▶ [INFORMATION SUPPLIED]
━━━━━━━━━━━━━━━━━━━━

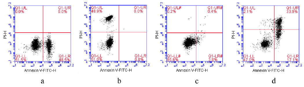 d.5 μM喜树碱诱导的HL60细胞,Annexin V-FITC/PI双染
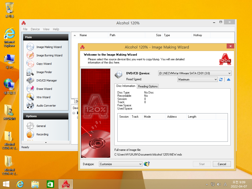 각종 디스크로부터 이미지를 덤프해서 이미지 파일을 생성하고 편집하거나, 디스크를 굽는 등 다양한 기능이 있는 Alcohol 120%입니다. 알코올 120%는 디스크 이미지를 덤프할 때 확장자를 mds로 선택하고 옵션에서 서브채널 데이터까지 복사할 수 있도록 설정이 가능하기 때문에 디스크 이미지의 파일을 손상이나 빼먹는 것 없이 온전하게 덤프할 수 있다는 장점이 있습니다. iso로 덤프하면 가끔 아래아 한글 특정 버전은 파일을 빼먹어서 설치가 안되는데, 이런 오류가 생기지 않아서 매우 유용합니다. 포터블 버전이라서 설치도 필요없습니다. 압축 파일을 풀고 실행하시면 되는데, 처음에 driver fail 창이 뜨면 그냥 확인 눌러주시고, 업데이트 창이 떠도 그냥 꺼주시면 됩니다. 버전은 2.0.3.9902입니다. 2.87MB 압축 파일입니다.
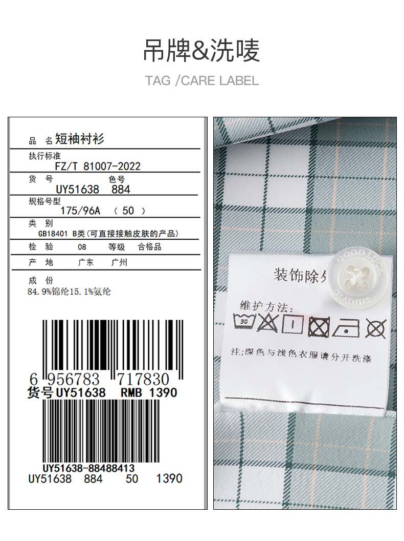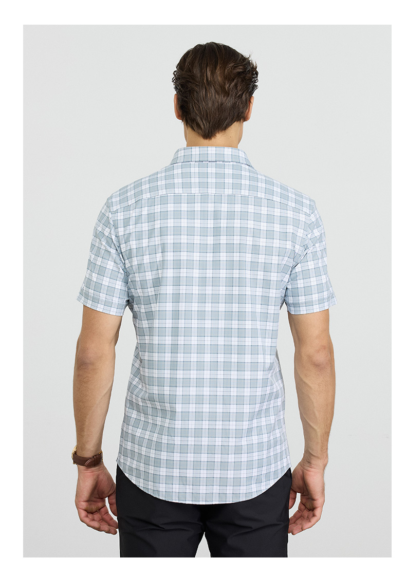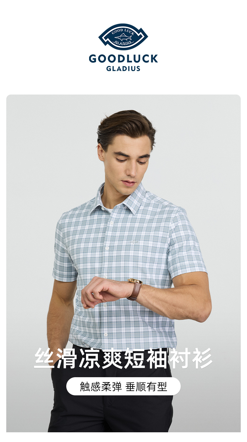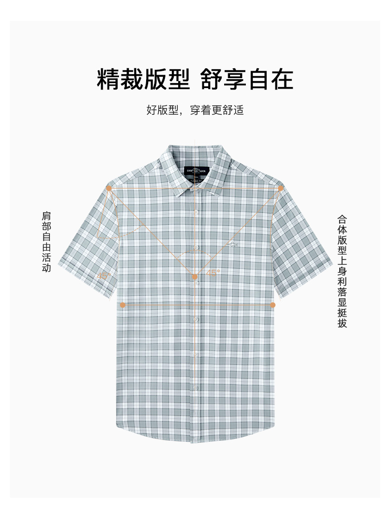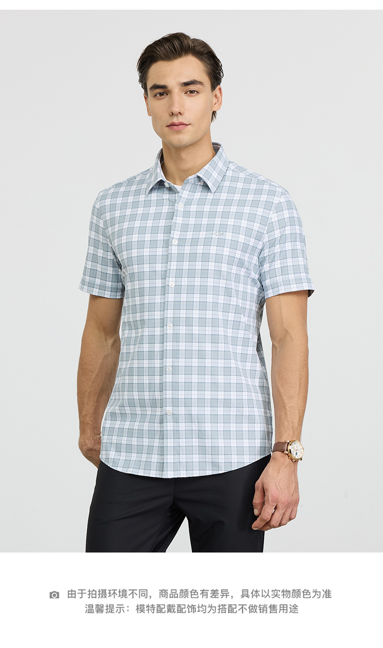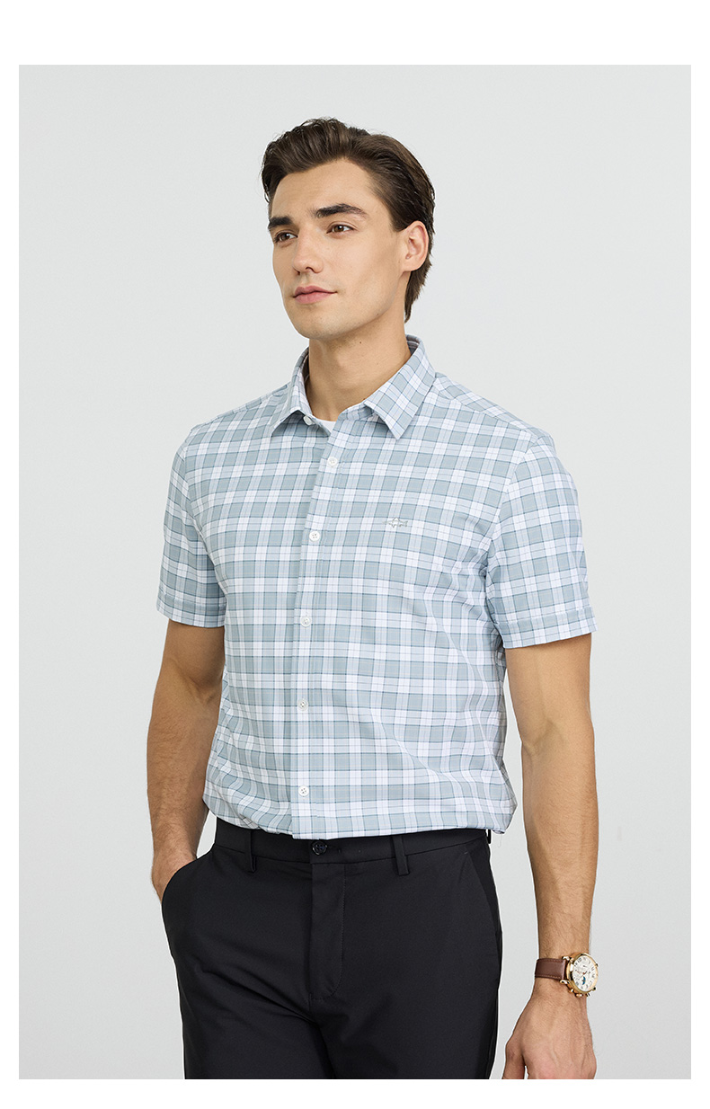 【高弹】德鲨2026夏季新款短袖衬衫男休闲百搭打底上衣男格子衬衣

━━━━━━━━━━━━━━━━━━━━

▶ [REQUIRED WORK] An exact, picture-free copy of the listing above is the goal; write it out now.

▶ [FINAL ANSWER]
 d.5 μM喜树碱诱导的HL60细胞,Annexin V-FITC/PI双染
 각종 디스크로부터 이미지를 덤프해서 이미지 파일을 생성하고 편집하거나, 디스크를 굽는 등 다양한 기능이 있는 Alcohol 120%입니다. 알코올 120%는 디스크 이미지를 덤프할 때 확장자를 mds로 선택하고 옵션에서 서브채널 데이터까지 복사할 수 있도록 설정이 가능하기 때문에 디스크 이미지의 파일을 손상이나 빼먹는 것 없이 온전하게 덤프할 수 있다는 장점이 있습니다. iso로 덤프하면 가끔 아래아 한글 특정 버전은 파일을 빼먹어서 설치가 안되는데, 이런 오류가 생기지 않아서 매우 유용합니다. 포터블 버전이라서 설치도 필요없습니다. 압축 파일을 풀고 실행하시면 되는데, 처음에 driver fail 창이 뜨면 그냥 확인 눌러주시고, 업데이트 창이 떠도 그냥 꺼주시면 됩니다. 버전은 2.0.3.9902입니다. 2.87MB 압축 파일입니다.
 【高弹】德鲨2026夏季新款短袖衬衫男休闲百搭打底上衣男格子衬衣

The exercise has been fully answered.